Das größte Problem in der Anfangszeit war, dass wir nicht planen konnten, wie viele Schüler*innen zum Essen kommen. Wenn 50 Kinder mehr kommen als geplant, hat der Caterer ein Problem. Das hat sich aber mit der Zeit gut eingespielt. Inzwischen kennt der Caterer die „Renner-Penner-Gerichte“. Die Gefahr, dass zu wenig Essen da ist oder zu viel Reste übrigbleiben, besteht nicht mehr. Entscheidend ist die enge Zusammenarbeit mit den Schulen. Wenn es gut läuft, informiert die Schule den Caterer rechtzeitig, z. B. wenn Ausflugstage anstehen.

Sind Free-Flow-Systeme personalintensiver?

Nein. Die Kraft, die vorher das Essen ausgegeben hat, betreut nun das Buffet. Als Mensakraft braucht sie jetzt mehr Expertise und den Blick für das Ganze: Wo muss nachgefüllt werden, wieviel Essen sollte noch regeneriert werden? Das hat ihre Arbeit aufgewertet. Ebenfalls hat sich der Zeitbedarf der pädagogischen Fachkräfte zur Betreuung beim Essen nicht geändert. Die Betreuung ist eine andere geworden, weil sie jetzt mit ans Buffet geht. Wir legen Wert darauf, dass die Schüler*innen das essen können, was sie wollen, niemand wird gegängelt oder gedrängt, etwas zu probieren.

Wie wirken sich Buffetsysteme auf die Akzeptanz aus?

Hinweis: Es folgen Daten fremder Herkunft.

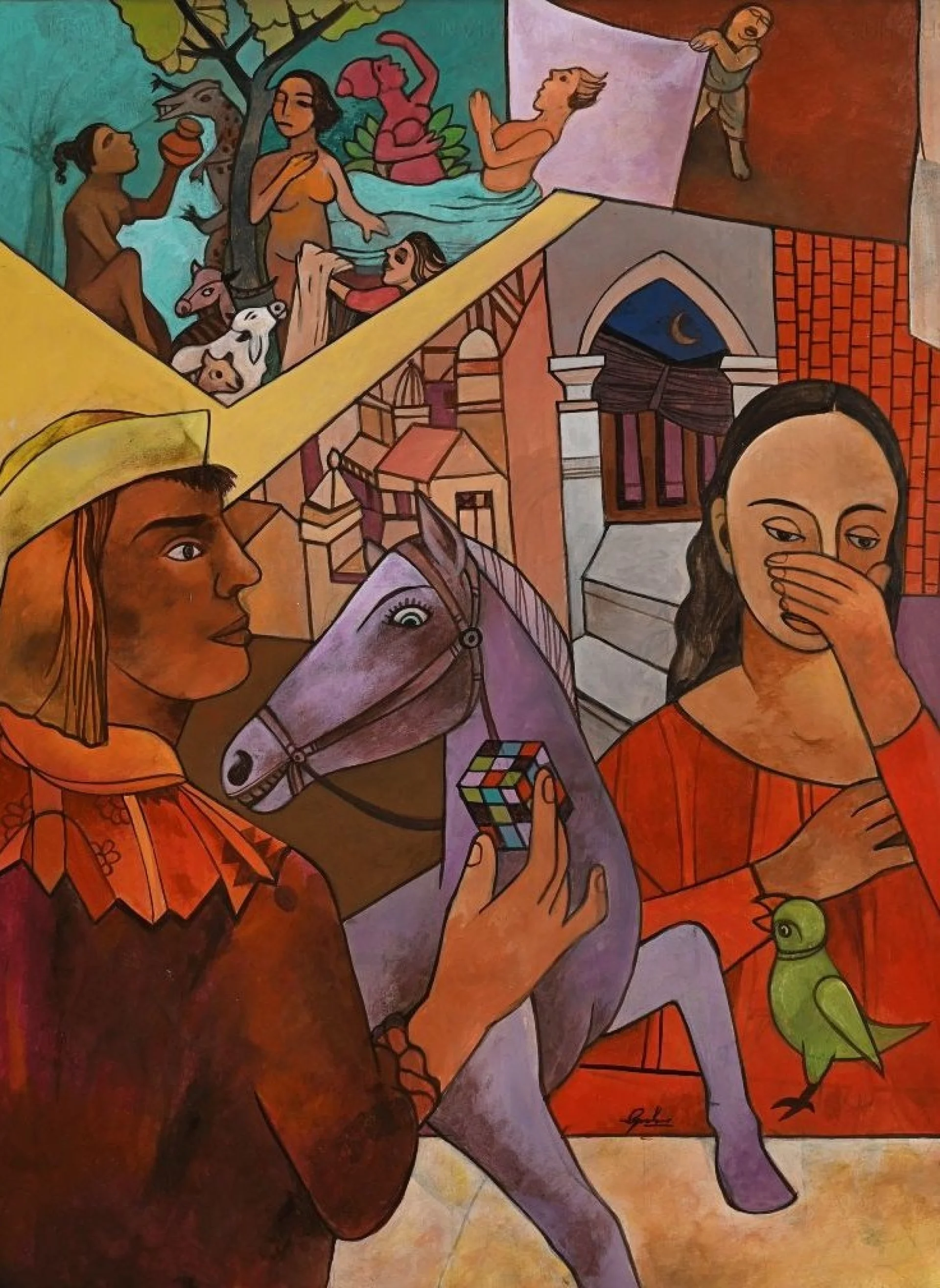 Singh’s practice blends elements of Indian miniature painting, folk traditions, and modernist aesthetics, marked by strong contours, flattened perspective, and a vibrant palette. His works collapse time and space, weaving together fragments of personal memory and social history into tableaux that feel both intimate and collective. While his visual language is grounded in Indian urban and rural landscapes, it speaks to universal themes of displacement, labour, ritual, and belonging.

Bei festen Auswahlmenüs gab es immer viele Kinder, die mit dem Essen nicht zufrieden waren. Jetzt haben alle die Wahl und können zwischen verschiedenen Komponenten wählen. Das hat zu viel mehr Zufriedenheit und Akzeptanz geführt. Es gibt viel weniger Beschwerden und diese konnten wir bisher immer lösen. Natürlich schmeckt es immer mal wieder jemandem nicht. Trotzdem überzeugt das System jeden. Als Erwachsene wollen wir beim Essen nicht bevormundet werden, das wollen Kinder auch nicht. Da reicht manchmal schon die Kleinigkeit, dass die Sauce auf und nicht neben die Nudeln gefüllt wird. Wir wollen für unseren Kinder und Jugendlichen mehr Selbstbestimmung und Autonomie. Sie lernen in der Schule viel, und vieles davon werden sie später wieder vergessen. Aber das Essen prägt sie ein Leben lang.

Das Interview führte Dörthe Wehmöller im Auftrag der Vernetzungsstelle Schulverpflegung mit Michael Fütterer (Gemeinde Weyhe) im Januar 2023.